My experience with the draft began in 1964. That year, like many men, I asked for a four year college deferment. Since my degree was Architecture and it was a five year program, I was not sure what would happen at the end of year four. I then had to beg for the fifth year from my draft board and convince them that my college deferment request was still valid. Since I had transferred to KU after my freshman year, I also needed an extra half year to graduate in December of 1969. That was tough, but somehow I got it.

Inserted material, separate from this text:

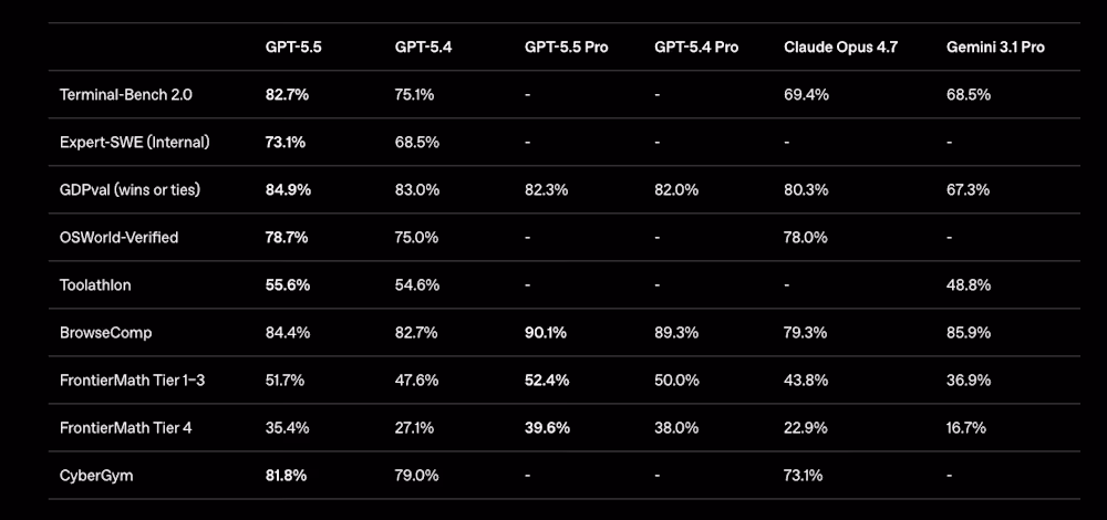 OpenAI’s own benchmarks show GPT-5.5 ahead of Claude Opus 4.7 on several agentic tasks. It scored 82.7% on Terminal-Bench 2.0, compared to 69.4% for Opus 4.7.

As anyone in college knew, the minute that you graduated you would likely be drafted. Add that to the three years that you had to work for an Architect before you could be licensed, the apparent choice for me was to join the National Guard and work at the same time. The Kansas National Guard had just returned from being called up for active duty in  Vietnam.  In September of 1969, several of us drove to the Guard headquarters and met with the commander to sign up. He informed us that with a college degree we would immediately be made officers. However, since the Guard had just returned he needed a few months to get reorganized and asked us to come back on December 5 and assured us we would be first in line for positions. Soon after, President Nixon announced the first draft lottery, to be held on December 1. Since we were graduating at the end of December, this was cutting it close.

So on Dec. 1 several of us watched TV for the first lottery and prayed for a high number. Fortunately my number was 256 and it may have been the happiest day of life. The others with low numbers went and signed up with the Guard. While if drafted I would have served, I like most did not want to go to Vietnam. Not knowing what would come, I chose to gamble with my high number and ride out the one year of 1970. However with a I-A classification, few companies wanted to hire you, you could not get a car loan, and while I had an Architect in London offer me a job, you could not leave the country to work. None of us had any idea of how many numbers would be called; in the end the high number for 1970 was 195.

While I seldom think of it today, the lottery truly changed the course of my life.I lost several friends in that war and I can only guess that someone from up above was watching out for me.